# If you've had an IUD removed...



## SamiPolizzi (May 23, 2009)

when did your AF come back?

I had mirena and I got it removed almost 2 months ago. I had some bleeding for a few days after it was removed, but nothing since then. Where is my cycle?!


----------



## MaerynPearl (Jun 21, 2008)

Quote:


Originally Posted by *SamiPolizzi* 
when did your AF come back?

I had mirena and I got it removed almost 2 months ago. I had some bleeding for a few days after it was removed, but nothing since then. Where is my cycle?!

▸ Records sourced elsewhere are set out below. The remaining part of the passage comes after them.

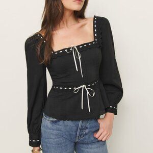 NEW Reformation Haisley Top Blouse Sz2 Black Long Sleeves Lace Cotton Bow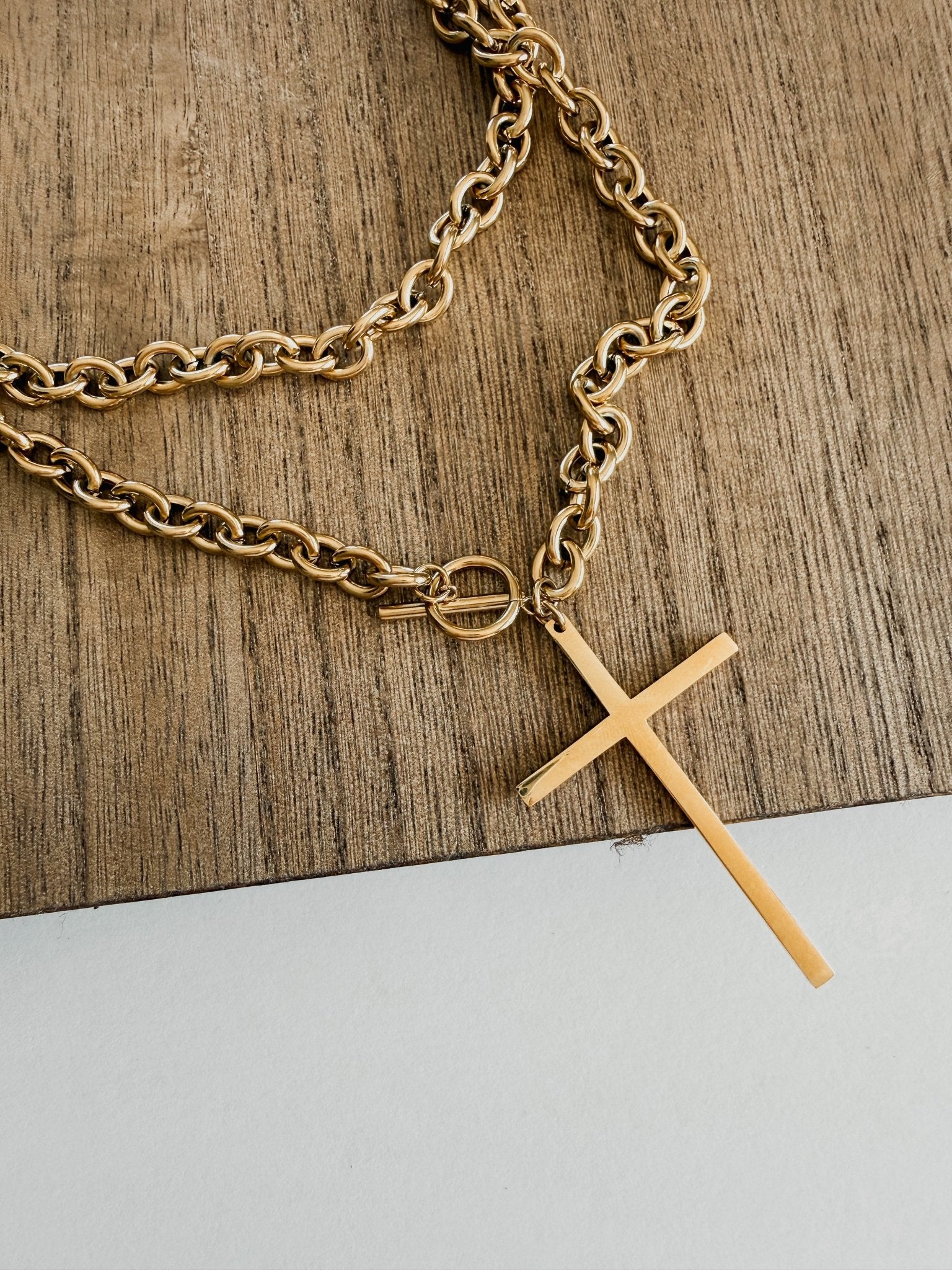 Make a bold statement with the Wren Wrap Around Cross Necklace, where chunky chain meets striking design. This high-quality piece features a substantial gold cross pendant that commands attention, wrapped in luxurious chain detailing. Water-resistant construction keeps your look fresh through any adventure—gym sessions, beach days, or spontaneous outings. Perfect for layering or wearing solo, this necklace blends spiritual symbolism with modern edge. Elevate your everyday style with a piece that's as fearless as you are.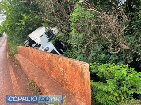 Um caminhão baú com placas de Pérola, região de Umuarama, saiu da pista e caiu às margens da rodovia PR-491, em Nova Santa Rosa, nas proximidades da ponte do Rio Sanga Xerê, no trecho com sentido a Maripá. O veículo transportava farinha, carregada em Marechal Cândido Rondon, com destino final ao estado de São Paulo.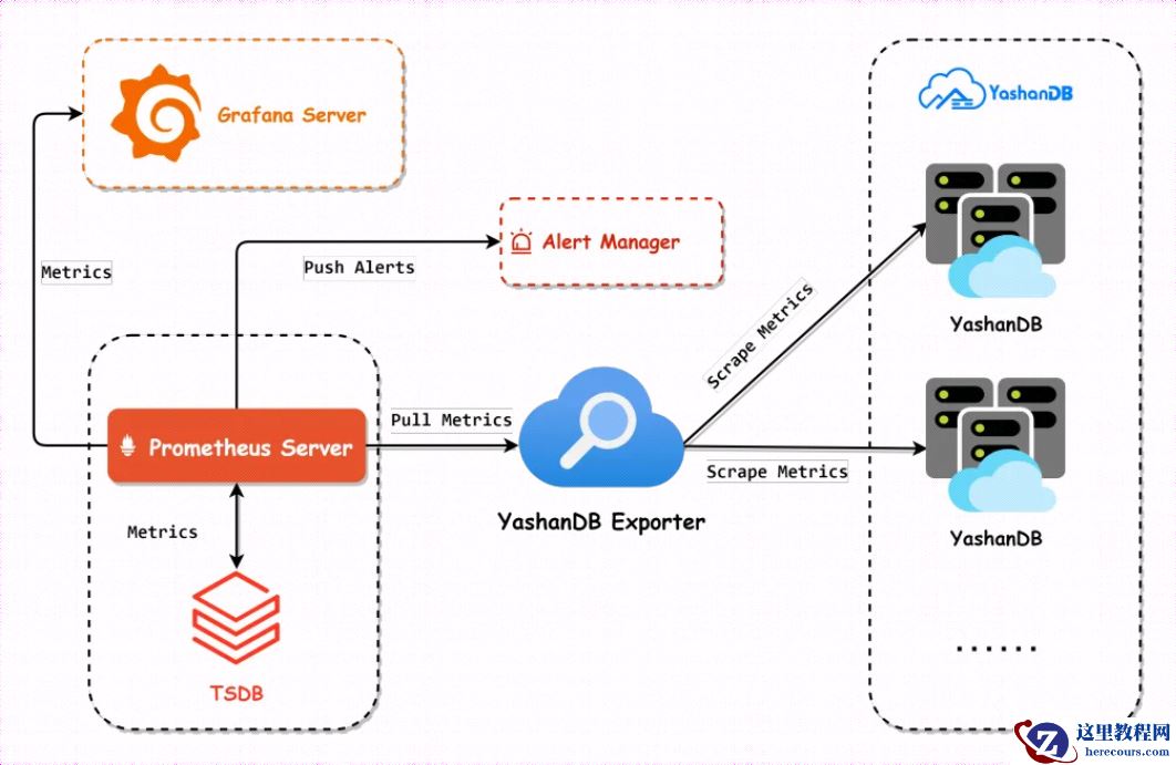基于Prometheus+Grafana监控YashanDB,整体架构设计图如下。其中YashanDB Exporter可以抓取多个数据库实例的监控指标。Prometheus Server通过拉取YashanDB Exporter的Metrics接口,获取指标数据,并将数据存储到其后台时序数据库TSDB中。其他组件的工作流程在上文的背景中已经说明,在此不再赘述。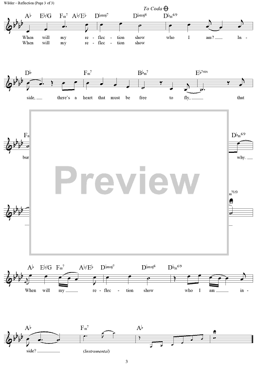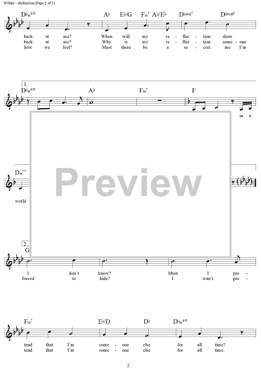 Digital Sheet Music for Reflection by David Zippel, Matthew Wilder scored for Lead Sheet; id:444197
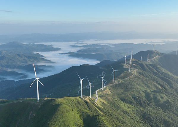 2025年7月15日,拍攝的銅仁市石阡縣石固鄉大頂山風電場(無人機照片)。申逸愷 攝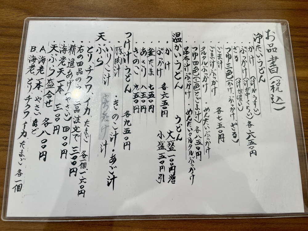 冷たいうどんから温かいうどん、つけ汁うどんまで豊富なバリエーション。そしてなんといっても税込でこのお値段はおどろきです。
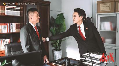 首部全景展現(xiàn)我國(guó)司法改革最新成果的法治題材電視劇《底線》正在熱播,鋪展當(dāng)代敘事視角下的法治中國(guó)圖景。圖為該劇劇照,右為主演靳東,左為特別出演張志堅(jiān)。
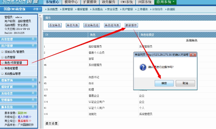 7、最后就是更新這個緩存就可以 。那么王軍就只能管理你所設(shè)置的欄目了。

have you taken a pregnancy test?


----------



## mama2peyton (Oct 9, 2008)

hi.


----------



## GoBecGo (May 14, 2008)

I had my mirena removed at the end of May last year, 2 weeks before AF was due (i still had a few days of light spotting when AF would have been there with the MIrena). On the day of removal i had some light staining.

When AF was due i had a few days of light spotting AND EWCM, which was confusing to say the least!

4 weeks later i got a very faint BFP, the next day i got a very heavy but very short AF with bad cramping. I consider this a chemical pregnancy.

4 weeks after that loss i got a weak but definite BFP. At 5.5wks i had some brownish spotting. At 7weeks i lost that pregnancy.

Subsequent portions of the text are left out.